What you will do: Write again exactly the lines in the listing below, starting at the line with "Share a welcome" and ending at the line with "Rękawice nitrylowe bezpudrowe", both included. Pictures are not copied.

Material for the task:
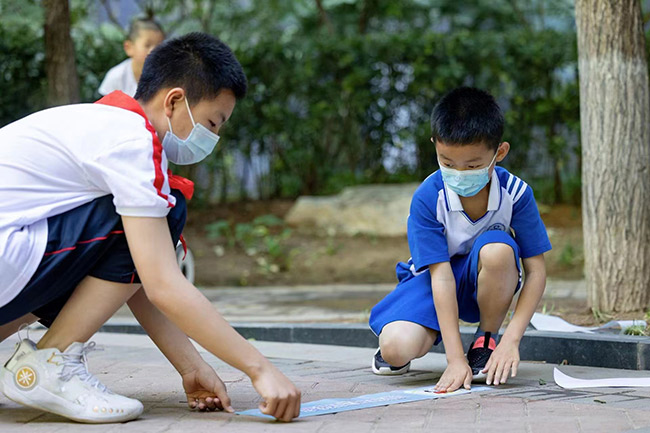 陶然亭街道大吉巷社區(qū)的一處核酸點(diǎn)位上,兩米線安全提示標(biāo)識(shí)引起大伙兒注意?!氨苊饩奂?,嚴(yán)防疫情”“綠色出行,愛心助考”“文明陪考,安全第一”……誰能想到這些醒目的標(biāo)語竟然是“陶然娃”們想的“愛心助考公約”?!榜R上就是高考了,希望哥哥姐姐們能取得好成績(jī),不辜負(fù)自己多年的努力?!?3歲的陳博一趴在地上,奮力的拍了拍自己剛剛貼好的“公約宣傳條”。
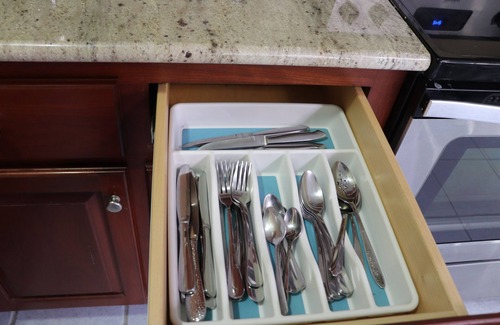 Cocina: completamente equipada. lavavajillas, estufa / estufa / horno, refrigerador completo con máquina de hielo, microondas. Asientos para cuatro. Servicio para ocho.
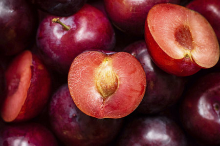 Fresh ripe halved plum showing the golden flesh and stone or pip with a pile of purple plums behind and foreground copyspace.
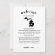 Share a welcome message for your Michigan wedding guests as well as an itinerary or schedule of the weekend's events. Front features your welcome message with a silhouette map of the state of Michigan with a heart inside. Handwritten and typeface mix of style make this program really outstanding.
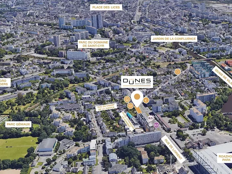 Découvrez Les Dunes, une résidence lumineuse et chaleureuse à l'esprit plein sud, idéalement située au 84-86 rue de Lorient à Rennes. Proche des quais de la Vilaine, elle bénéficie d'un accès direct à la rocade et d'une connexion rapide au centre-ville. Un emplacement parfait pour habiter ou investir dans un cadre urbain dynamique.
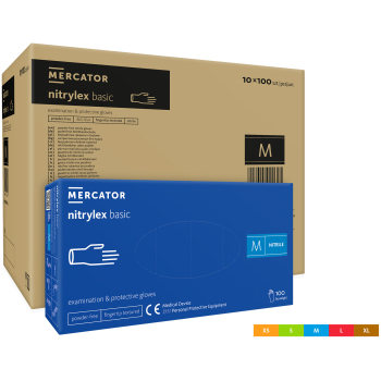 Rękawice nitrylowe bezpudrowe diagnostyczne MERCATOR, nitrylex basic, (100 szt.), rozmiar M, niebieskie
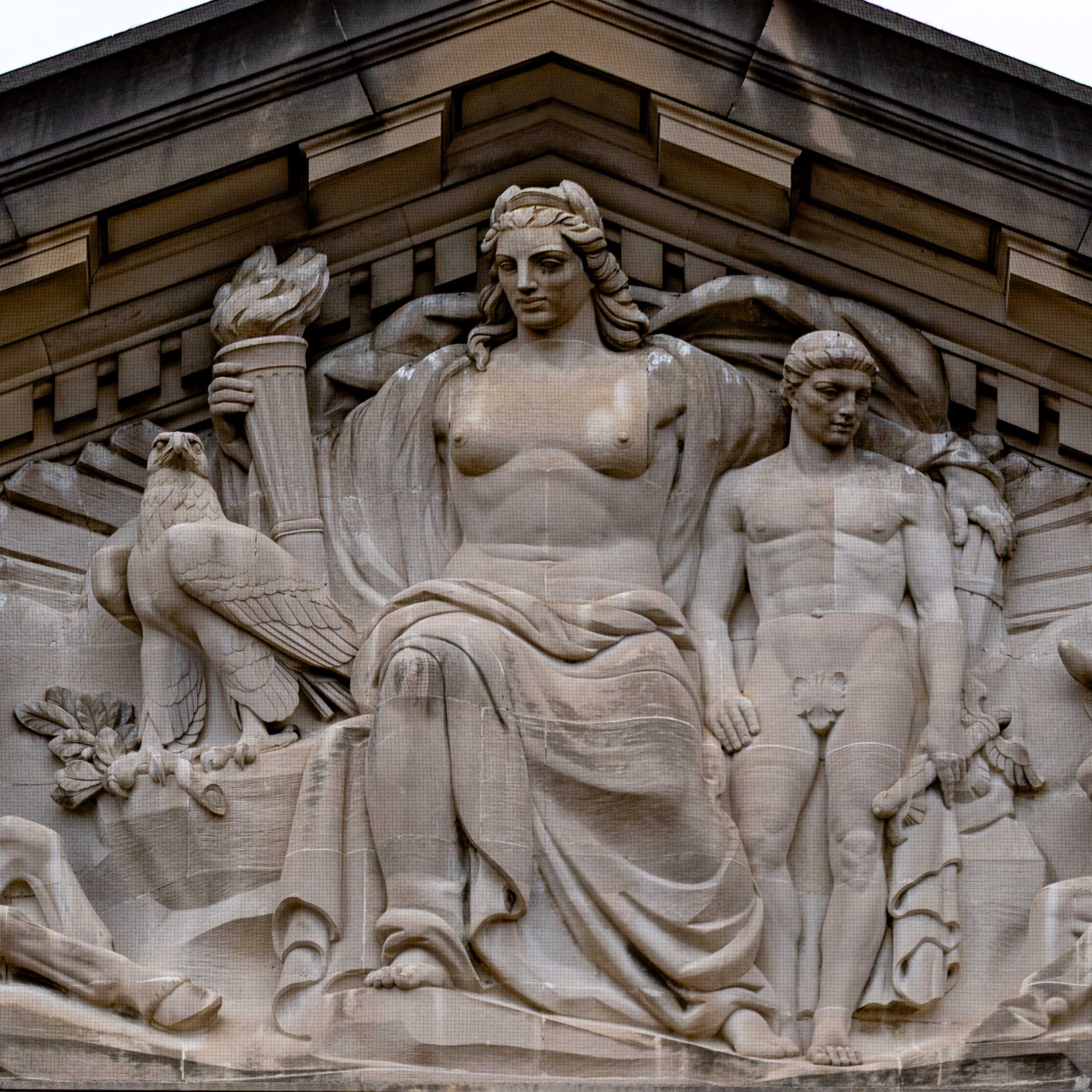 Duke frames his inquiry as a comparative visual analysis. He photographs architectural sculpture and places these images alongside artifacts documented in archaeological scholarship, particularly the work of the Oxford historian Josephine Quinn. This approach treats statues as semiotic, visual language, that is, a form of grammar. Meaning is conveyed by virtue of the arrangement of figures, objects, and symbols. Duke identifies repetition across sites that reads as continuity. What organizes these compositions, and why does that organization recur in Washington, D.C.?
---
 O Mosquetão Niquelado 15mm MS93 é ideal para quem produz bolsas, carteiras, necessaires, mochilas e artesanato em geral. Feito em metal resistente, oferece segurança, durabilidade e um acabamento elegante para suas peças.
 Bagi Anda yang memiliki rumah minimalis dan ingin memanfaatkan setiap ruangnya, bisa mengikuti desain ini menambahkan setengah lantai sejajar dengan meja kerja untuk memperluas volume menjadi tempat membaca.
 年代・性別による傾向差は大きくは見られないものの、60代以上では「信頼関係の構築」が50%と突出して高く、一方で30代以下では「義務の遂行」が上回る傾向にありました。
==
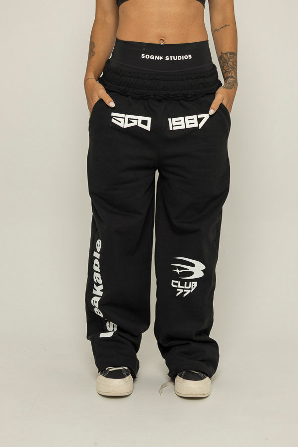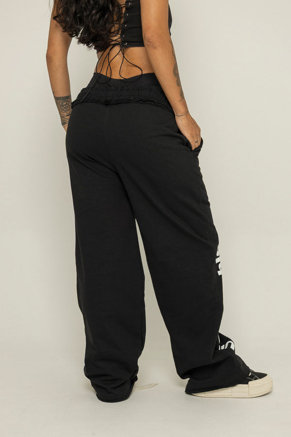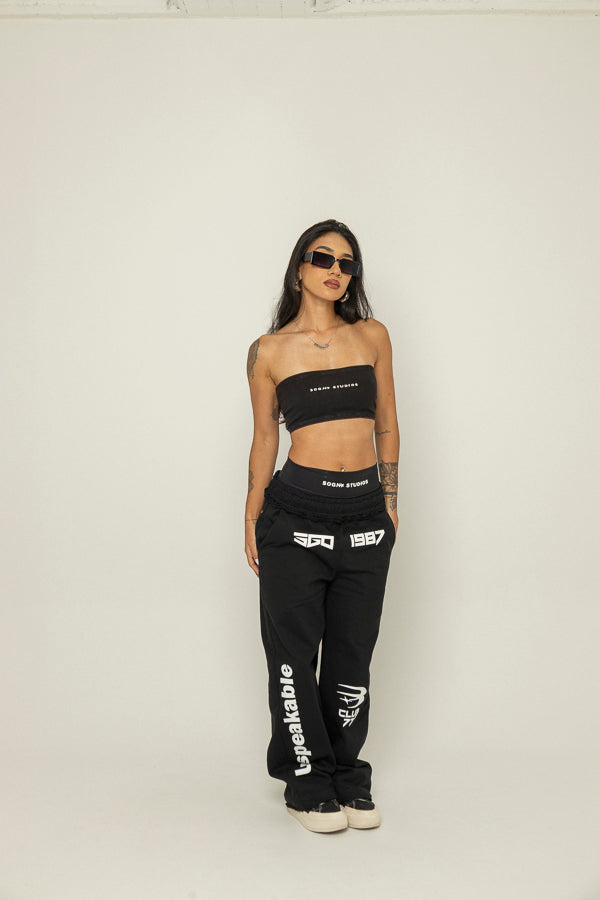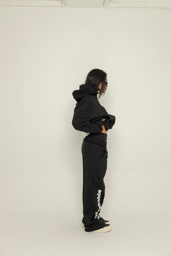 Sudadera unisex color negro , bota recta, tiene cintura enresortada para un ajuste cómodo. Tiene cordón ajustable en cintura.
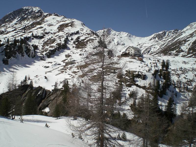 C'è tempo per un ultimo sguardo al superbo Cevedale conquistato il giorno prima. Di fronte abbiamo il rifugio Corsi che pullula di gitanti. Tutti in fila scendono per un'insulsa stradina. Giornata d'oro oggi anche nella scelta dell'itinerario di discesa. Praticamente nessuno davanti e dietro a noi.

Result of this exercise:
 Share a welcome message for your Michigan wedding guests as well as an itinerary or schedule of the weekend's events. Front features your welcome message with a silhouette map of the state of Michigan with a heart inside. Handwritten and typeface mix of style make this program really outstanding.
 Découvrez Les Dunes, une résidence lumineuse et chaleureuse à l'esprit plein sud, idéalement située au 84-86 rue de Lorient à Rennes. Proche des quais de la Vilaine, elle bénéficie d'un accès direct à la rocade et d'une connexion rapide au centre-ville. Un emplacement parfait pour habiter ou investir dans un cadre urbain dynamique.
 Rękawice nitrylowe bezpudrowe diagnostyczne MERCATOR, nitrylex basic, (100 szt.), rozmiar M, niebieskie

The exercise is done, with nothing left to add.